You can filter the invoices Array, using the result Array as this-argument and check for any Client in that (see MDN for Array.filter). Note, the filter-callback should be a normal function (i.e. not an arrow function) to be able to use the result-Array for thisArg.

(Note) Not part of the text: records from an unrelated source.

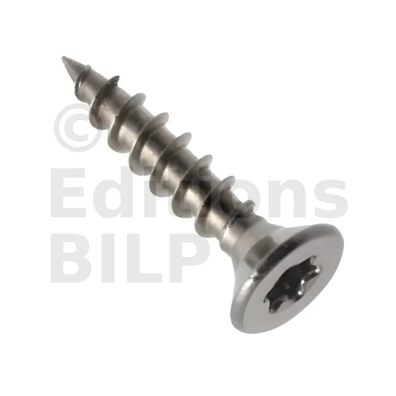 Vis à bois à tête fraisée - empreinte TX - INOX - filet total
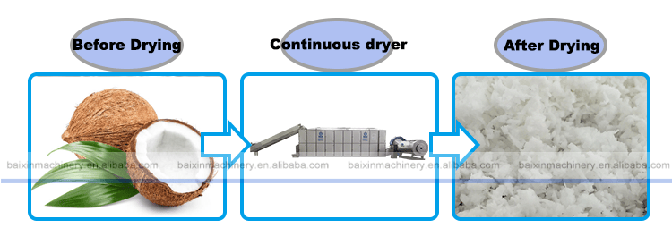 Why choose Baixin Continuous dryer for Desiccated coconut drying? Baixin continuous mesh belt dryer is a drying system specially designed by Baixin for mass production. The key to its popularity with customers is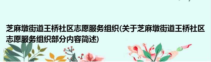 芝麻墩街道王桥社区志愿服务组织(关于芝麻墩街道王桥社区志愿服务组织部分内容简述)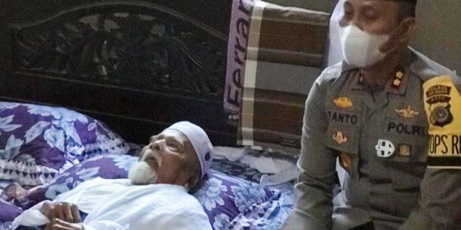 LHOKSEUMAWE – Kapolres Lhokseumawe AKBP Eko Hartanto SIK MH, Sabtu (13/2/2021) membesuk seroang ulama kharismatik Al-Mukarram Al-Mursyid Tgk H. Abdul Wahab atau akrab disapa dengan panggilan Abu Matang Perlak.
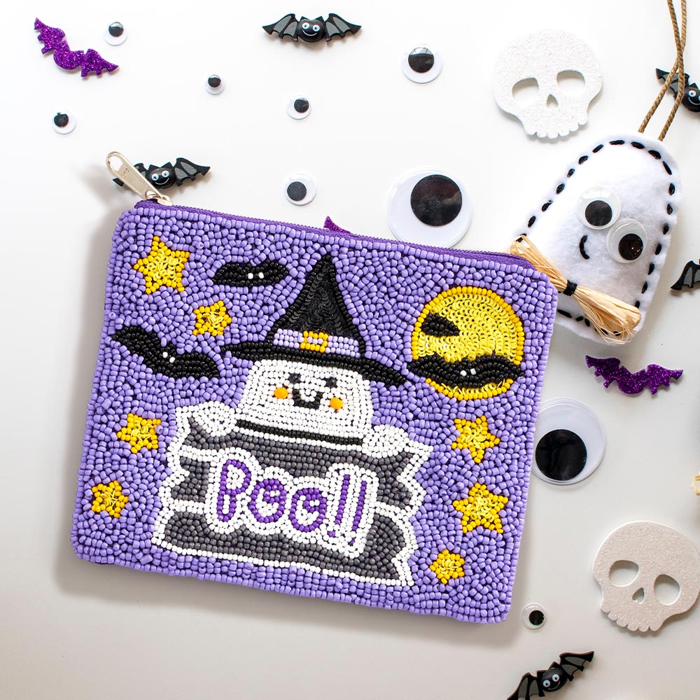 Details • Bag Size : 5.25" X 4.5" • No Inside Pocket • Beads on Front Only • Zipper Closure • Celebrate spooky season with this beaded Halloween pouch featuring a ghost in a witch hat and “Boo!!” text. Perfect for carrying essentials to fall festivals, trick-or-treat nights, or themed parties. Whimsical and festive with eye-catching charm. • Made In India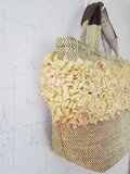 正絹の着物を裂いて、その布を緯糸として織りあげバッグに仕立てました。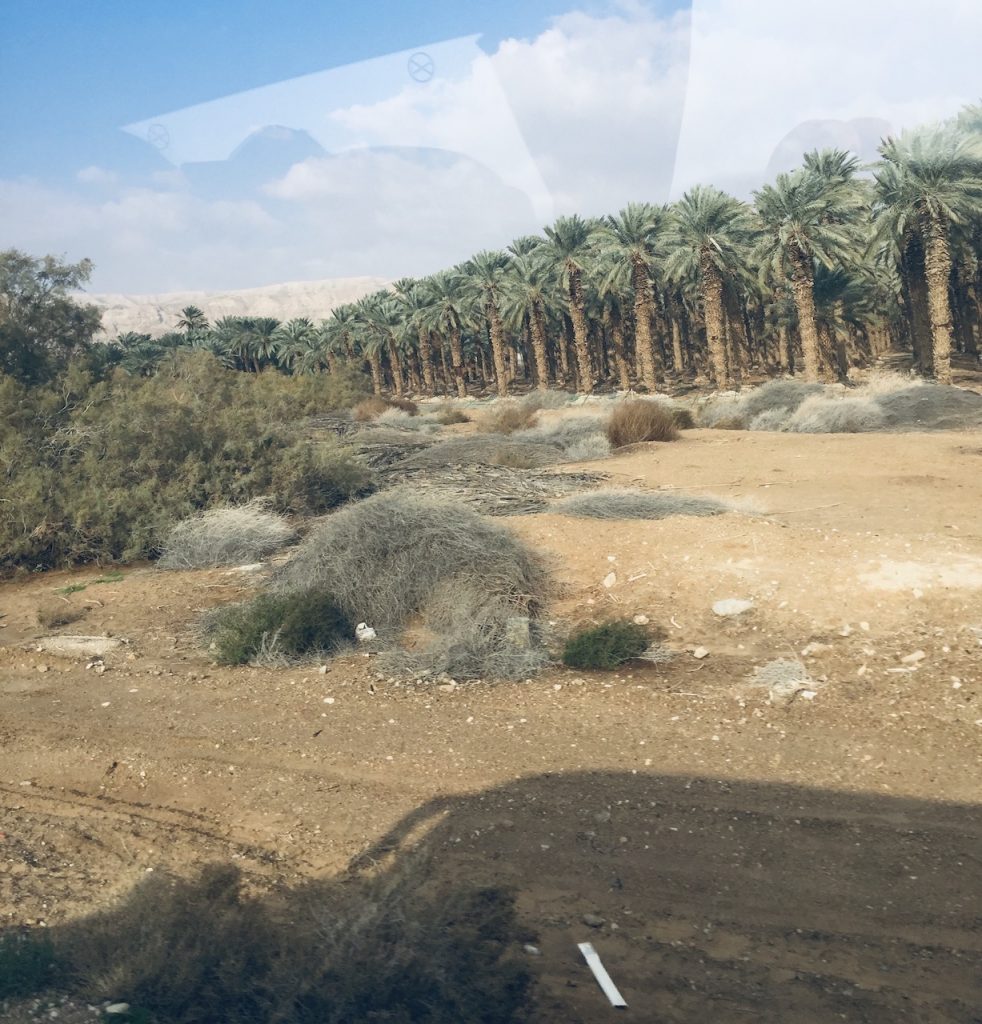 On our last day in Israel, with Gate 1 tours, our vacation in Israel was going to climax with a trip to Masada (an Israeli national treasure and United Nations World Heritage site) and the Dead Sea. Masada and the Dead Sea are two of the most visited sites in Israel. The drive along the shores of the Dead Sea, the lowest point, 430 meters below sea level, was intriguing. As we passed a mélange of brown arid, bare, and dusty land as far as our eyes could see was interrupted by huge Judean date palm plantations, which are, apparently, native only to desert oases, and was amazing and unexpected.

console.log( `Id(s) not in result\n`, 
  [ {id: 90, Client: 'Bob', paid: false, total: 900}, 
    {id: 91, Client: 'Sarah', paid: false, total: 400},
    {id: 92, Client: 'Mia', paid: false, total: 200} ]
  .filter( 
    function(v) { return !this.find(n => n.Person === v.Client); }, 
    [{km: 200, hours: 20, Person: 'Sarah'}] // <= thisArg
   )
   .map(v => v.id) // <= fetch the found id's
   .join()
);
.as-console-wrapper { top: 0; max-height: 100% !important; }

3 Comments

Change filter(...) to filter(...).map( (invoice) => invoice.id )
map( (invoice) => invoice.id ) does not exist in the answer
That's why I suggested making the change, which will give you a list of just the ids you want.
0

Using Set and flatMap makes for an expressive, efficient solution. Set consumes an array and lets you check for members in constant time. flatMap lets you filter and map at the same time, in essence.

// Data
const invoices = [
  {id: 90, Client: 'Bob', paid: false, total: 900},
  {id: 91, Client: 'Sarah', paid: false, total: 400}
];
const personsArr = [{km: 200, hours: 20, Person: 'Sarah'}];

// Query
const persons = new Set(personsArr.map(r => r.Person));
const result = invoices.flatMap(i => !persons.has(i.Client) ? i.id : []);
console.log(result);

Comments

0

Or you can do it by make persons Map.

Plus of that attempt is you have access to person data by client name.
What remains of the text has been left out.